Again, simulation and theoretical values lead to the same results. And having a \(25\%\) chance of getting 5 Heads in a row when flipping a coin 20 times is quite remarkable, if you ask me.

Conclusion: Are you surprised?

The original paper about the hot hand fallacy was published in 1985 and met with scepticism from the start, particularly from people working in basketball. Recent studies have shown that a very small effect may exist, in the order of a few percentage points. This does not change the central point of this article.

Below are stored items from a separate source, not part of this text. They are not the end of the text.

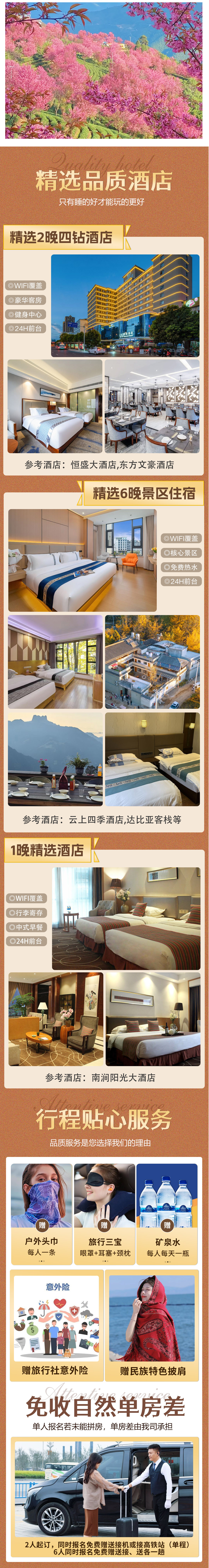 2、【昆明集合酒店】:约下午18点40分左右到达昆明市集合酒店,当晚从昆明返回的朋友需预订晚上21点30分之后的航班。建议时间充裕的可以在昆明市再住一个晚上,第二天再返程,我们可以帮忙预订昆明市解散日的酒店住宿!
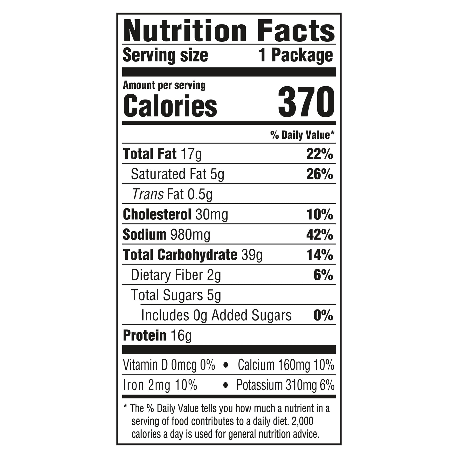 To prepare, remove cheese pouch, partially peel back film from top of tray, microwave on high for one minute and stir in cheese sauce with beef
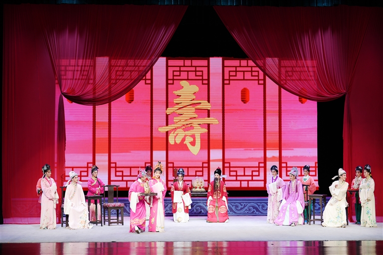 10月2日,压轴大戏《五女拜寿》精彩上演。该剧由顾锡东创作,以明代嘉靖年间为背景,讲述户部侍郎杨继康寿宴上的人情冷暖与家族变迁。寿宴上,四位亲生女儿争相拜寿,义女杨三春与清贫书生邹应龙受冷落愤然离去。不久,杨继康遭官场风波,被罢官抄家,昔日亲情化为冷漠,唯有侍女翠芸不离不弃。最终,邹应龙智斗权臣,助杨继康官复原职,势利小人受惩,真心孝顺者得圆满。

From a probabilistic standpoint, there is a consistent gap between what we expect to see and what actually happens. As we showed both mathematically and through simulation, streaks are far more common than our intuition suggests. We notice them, we remember them, and we treat them as meaningful. The coin, as the title says, has no memory. We do.

That gap between intuition and reality is also one of the reasons it is so hard to beat a casino or a bookmaker. They know the actual probabilities. Quite often, we do not. But that is a story for another article.